Print every entry exactly as written and exclude all images.

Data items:
━━━━━━━━━━━━━━━━

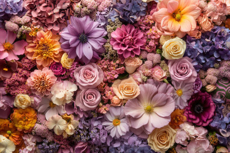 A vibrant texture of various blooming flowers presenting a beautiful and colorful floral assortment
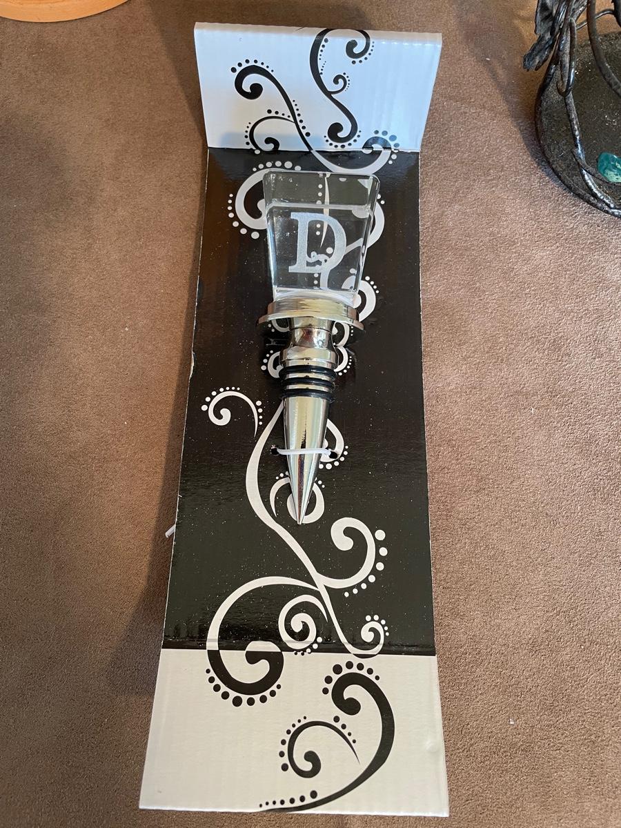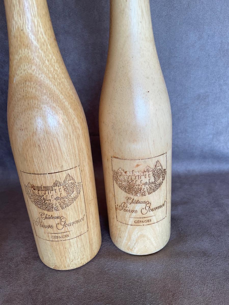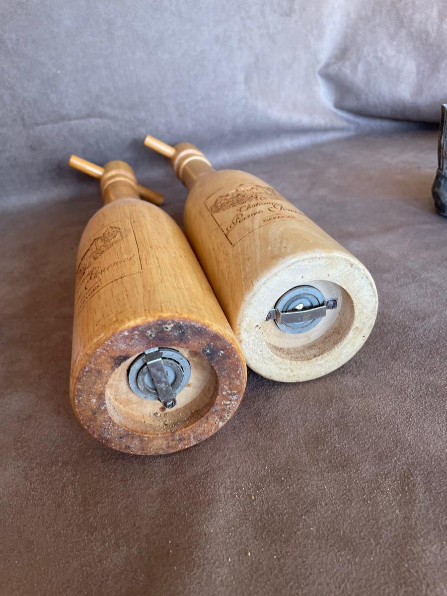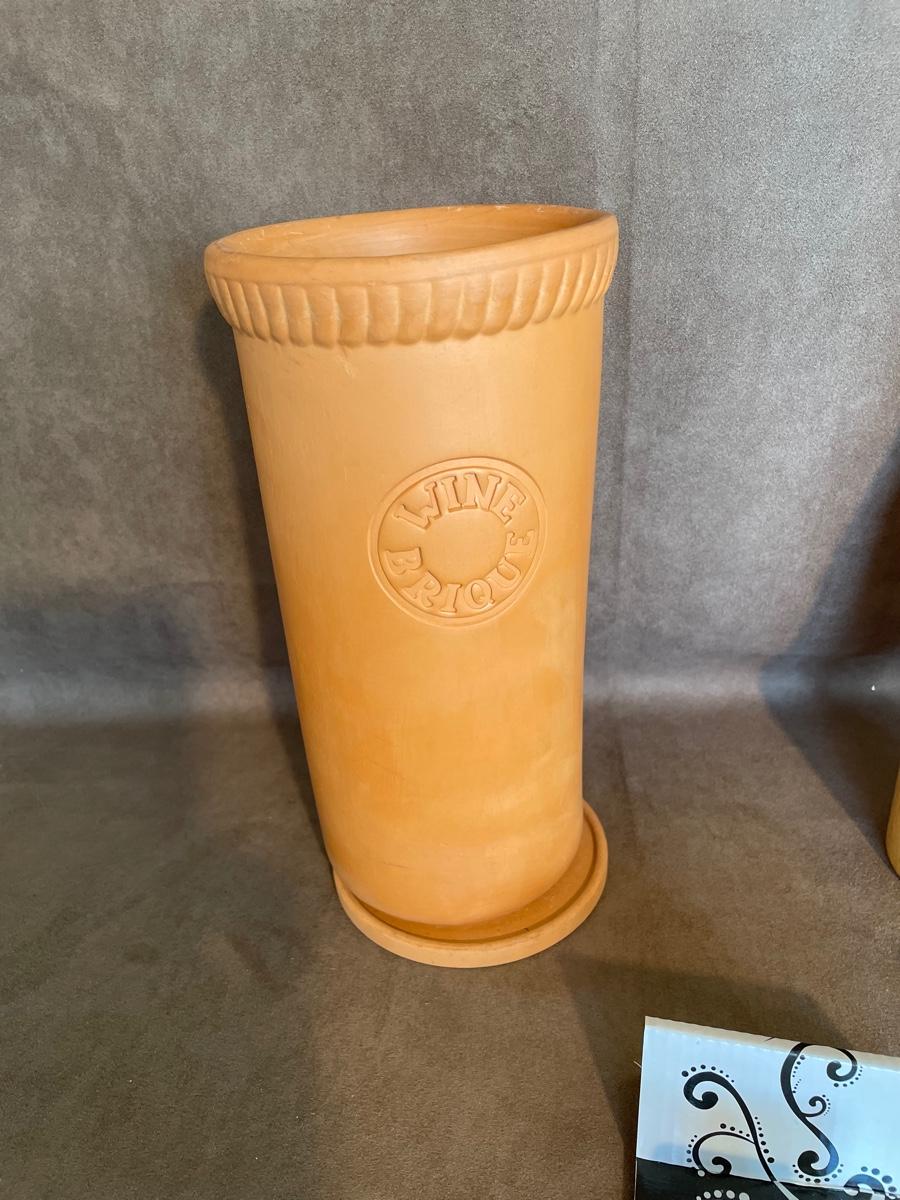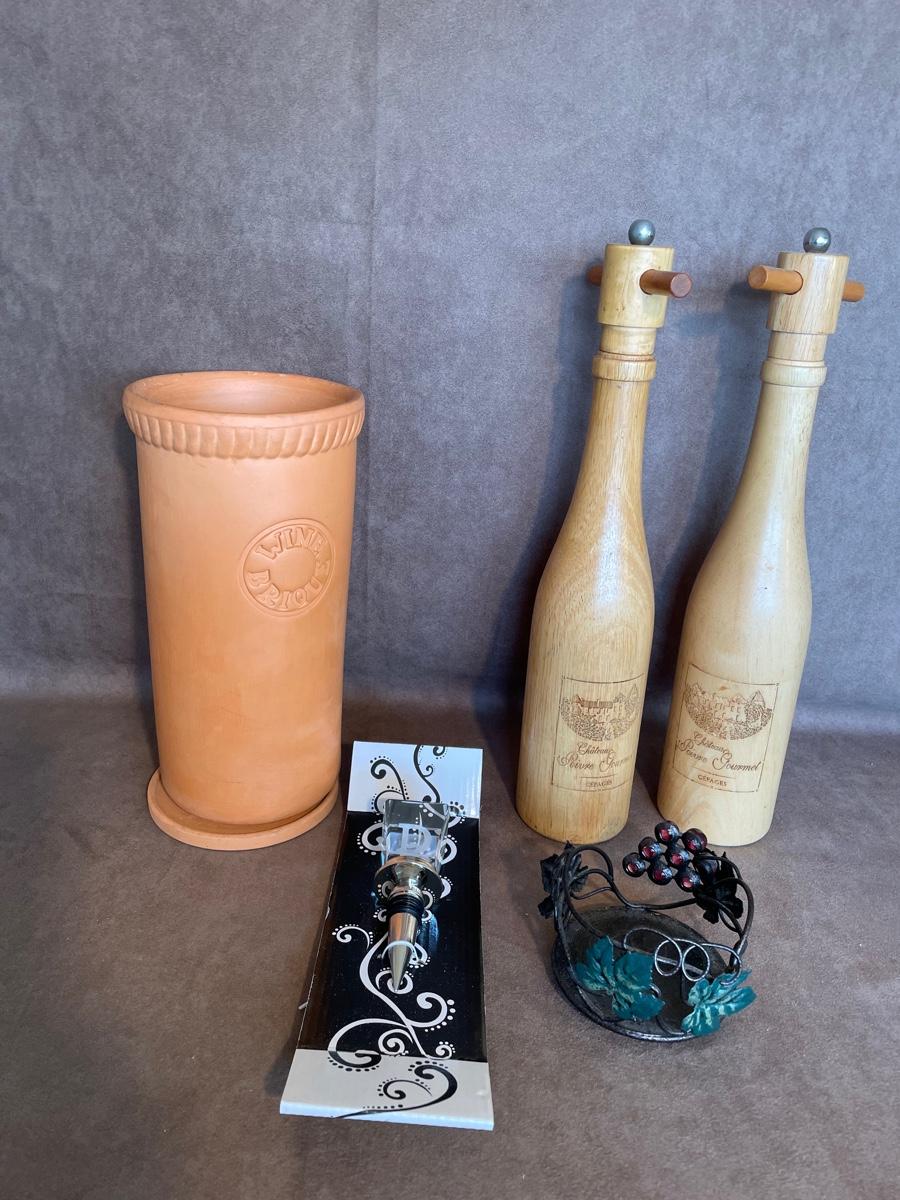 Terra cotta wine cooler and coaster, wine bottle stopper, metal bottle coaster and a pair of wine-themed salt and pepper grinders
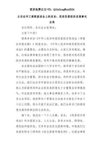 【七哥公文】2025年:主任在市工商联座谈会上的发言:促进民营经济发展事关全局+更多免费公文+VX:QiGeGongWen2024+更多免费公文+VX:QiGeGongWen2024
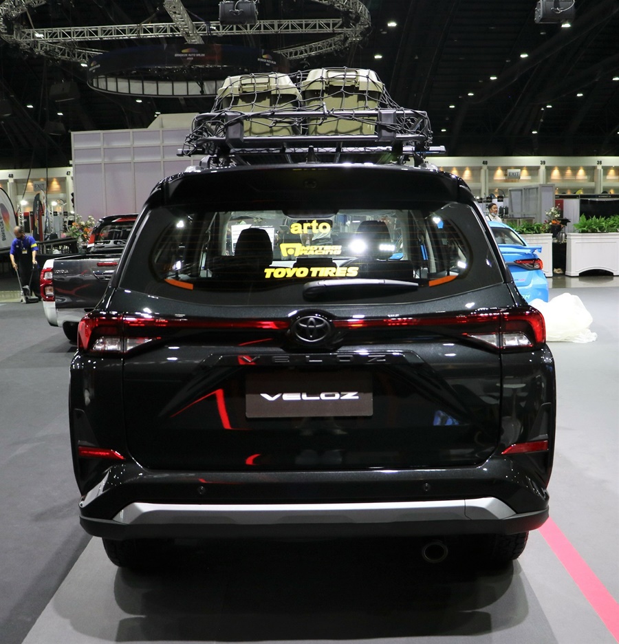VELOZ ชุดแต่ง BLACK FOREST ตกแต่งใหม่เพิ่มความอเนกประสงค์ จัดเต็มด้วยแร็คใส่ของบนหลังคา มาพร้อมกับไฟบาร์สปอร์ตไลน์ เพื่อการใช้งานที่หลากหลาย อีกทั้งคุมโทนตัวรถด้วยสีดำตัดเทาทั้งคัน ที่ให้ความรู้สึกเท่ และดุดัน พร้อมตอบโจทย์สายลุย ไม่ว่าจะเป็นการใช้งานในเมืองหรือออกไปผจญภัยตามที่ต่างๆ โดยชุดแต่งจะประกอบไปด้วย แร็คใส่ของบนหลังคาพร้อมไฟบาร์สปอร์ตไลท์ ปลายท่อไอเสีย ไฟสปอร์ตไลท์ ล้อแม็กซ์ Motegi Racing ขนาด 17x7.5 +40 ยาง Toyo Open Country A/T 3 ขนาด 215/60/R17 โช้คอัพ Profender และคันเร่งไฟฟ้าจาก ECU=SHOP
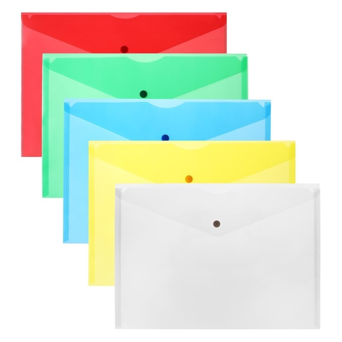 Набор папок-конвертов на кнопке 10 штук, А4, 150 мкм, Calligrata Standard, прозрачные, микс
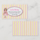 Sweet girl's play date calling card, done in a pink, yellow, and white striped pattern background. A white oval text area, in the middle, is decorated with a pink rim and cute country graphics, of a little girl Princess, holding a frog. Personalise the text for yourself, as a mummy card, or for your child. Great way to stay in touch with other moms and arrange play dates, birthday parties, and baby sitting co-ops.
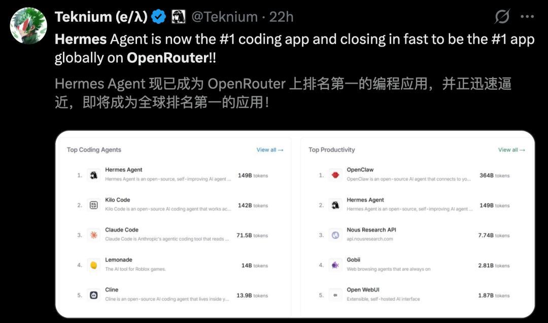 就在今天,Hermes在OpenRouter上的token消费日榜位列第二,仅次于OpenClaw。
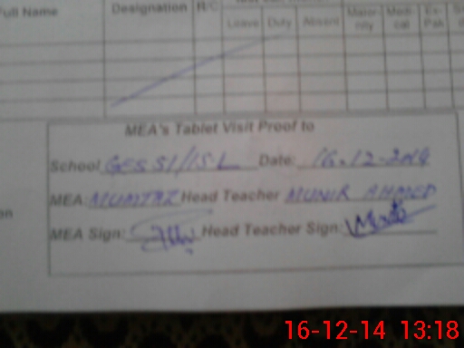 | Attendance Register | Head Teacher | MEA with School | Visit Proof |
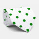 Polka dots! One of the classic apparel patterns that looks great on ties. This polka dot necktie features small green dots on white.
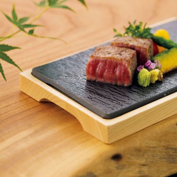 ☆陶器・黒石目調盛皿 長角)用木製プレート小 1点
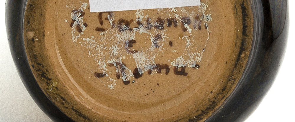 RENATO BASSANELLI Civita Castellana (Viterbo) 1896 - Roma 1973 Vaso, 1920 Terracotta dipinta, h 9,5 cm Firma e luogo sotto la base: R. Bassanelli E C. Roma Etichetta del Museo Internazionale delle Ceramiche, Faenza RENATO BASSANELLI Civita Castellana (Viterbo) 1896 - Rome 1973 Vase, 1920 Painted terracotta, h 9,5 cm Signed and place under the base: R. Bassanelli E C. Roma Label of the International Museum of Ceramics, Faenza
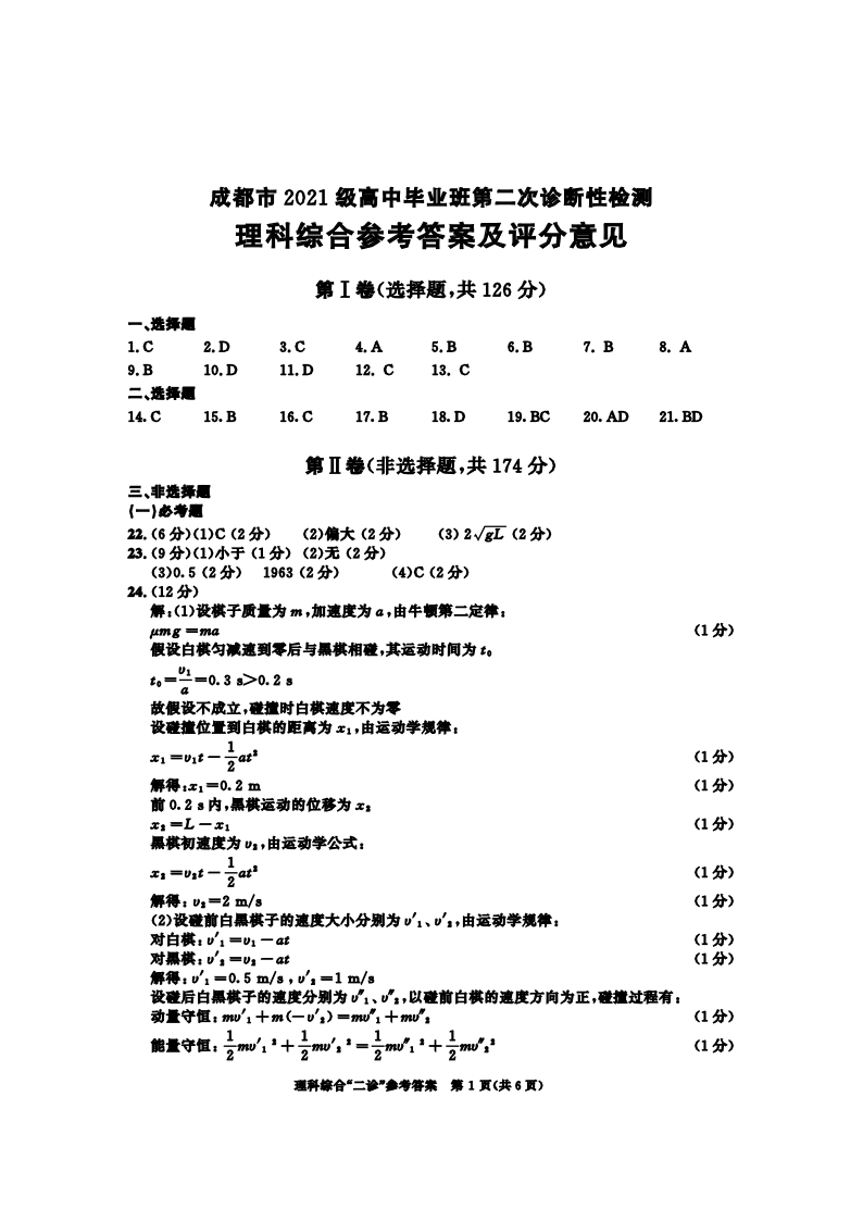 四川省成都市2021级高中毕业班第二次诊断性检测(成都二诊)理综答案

━━━━━━━━━━━━━━━━

§ **Exercise solution**:
 A vibrant texture of various blooming flowers presenting a beautiful and colorful floral assortment
 Terra cotta wine cooler and coaster, wine bottle stopper, metal bottle coaster and a pair of wine-themed salt and pepper grinders
 【七哥公文】2025年:主任在市工商联座谈会上的发言:促进民营经济发展事关全局+更多免费公文+VX:QiGeGongWen2024+更多免费公文+VX:QiGeGongWen2024
VELOZ ชุดแต่ง BLACK FOREST ตกแต่งใหม่เพิ่มความอเนกประสงค์ จัดเต็มด้วยแร็คใส่ของบนหลังคา มาพร้อมกับไฟบาร์สปอร์ตไลน์ เพื่อการใช้งานที่หลากหลาย อีกทั้งคุมโทนตัวรถด้วยสีดำตัดเทาทั้งคัน ที่ให้ความรู้สึกเท่ และดุดัน พร้อมตอบโจทย์สายลุย ไม่ว่าจะเป็นการใช้งานในเมืองหรือออกไปผจญภัยตามที่ต่างๆ โดยชุดแต่งจะประกอบไปด้วย แร็คใส่ของบนหลังคาพร้อมไฟบาร์สปอร์ตไลท์ ปลายท่อไอเสีย ไฟสปอร์ตไลท์ ล้อแม็กซ์ Motegi Racing ขนาด 17x7.5 +40 ยาง Toyo Open Country A/T 3 ขนาด 215/60/R17 โช้คอัพ Profender และคันเร่งไฟฟ้าจาก ECU=SHOP
 Набор папок-конвертов на кнопке 10 штук, А4, 150 мкм, Calligrata Standard, прозрачные, микс
 Sweet girl's play date calling card, done in a pink, yellow, and white striped pattern background. A white oval text area, in the middle, is decorated with a pink rim and cute country graphics, of a little girl Princess, holding a frog. Personalise the text for yourself, as a mummy card, or for your child. Great way to stay in touch with other moms and arrange play dates, birthday parties, and baby sitting co-ops.
 就在今天,Hermes在OpenRouter上的token消费日榜位列第二,仅次于OpenClaw。
 | Attendance Register | Head Teacher | MEA with School | Visit Proof |
 Polka dots! One of the classic apparel patterns that looks great on ties. This polka dot necktie features small green dots on white.
 ☆陶器・黒石目調盛皿 長角)用木製プレート小 1点
 RENATO BASSANELLI Civita Castellana (Viterbo) 1896 - Roma 1973 Vaso, 1920 Terracotta dipinta, h 9,5 cm Firma e luogo sotto la base: R. Bassanelli E C. Roma Etichetta del Museo Internazionale delle Ceramiche, Faenza RENATO BASSANELLI Civita Castellana (Viterbo) 1896 - Rome 1973 Vase, 1920 Painted terracotta, h 9,5 cm Signed and place under the base: R. Bassanelli E C. Roma Label of the International Museum of Ceramics, Faenza
 四川省成都市2021级高中毕业班第二次诊断性检测(成都二诊)理综答案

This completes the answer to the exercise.